We seem so focused as a country on fearing and hating those who are different from us, those who think differently or feel differently or even look different, that we are overlooking a fundamental principle -- that as Americans, our greatest commonality is our diversity.
Diversity doesn’t only bring a wealth of new ideas and perspectives. It also brings with it a rich history of challenging the status quo, improving our society by standing up for what is right, and further defining the ongoing experiment that is our democracy.

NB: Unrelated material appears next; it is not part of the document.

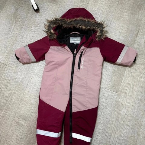 Toppahaalari koko 86. Jalkaremmit ehjät. Kauluksen kohdalta toinen tarra irronnut, katso kuvat.

This month, as we celebrate African American history and heritage, we remember Dr. Martin Luther King Jr. and the ideals he held dear -- equality, cooperation, justice. But we would do Dr. King a disservice if we didn’t acknowledge his most important premise: that we can only achieve these ideals together.
At Legal Aid, we respect diversity as a core value, and we recently called this out as part of our new strategic vision. It’s fitting, because in the legal field, we see the law as the great equalizer, the path to Dr. King’s goal of justice -- for all.
We have only just started to examine our organization’s diversity, and I admit that we have a long way to go. But by recognizing its importance and defining it, we’ve at least taken the first step. And to quote Dr. King, “You don’t have to see the whole staircase. Just take the first step.”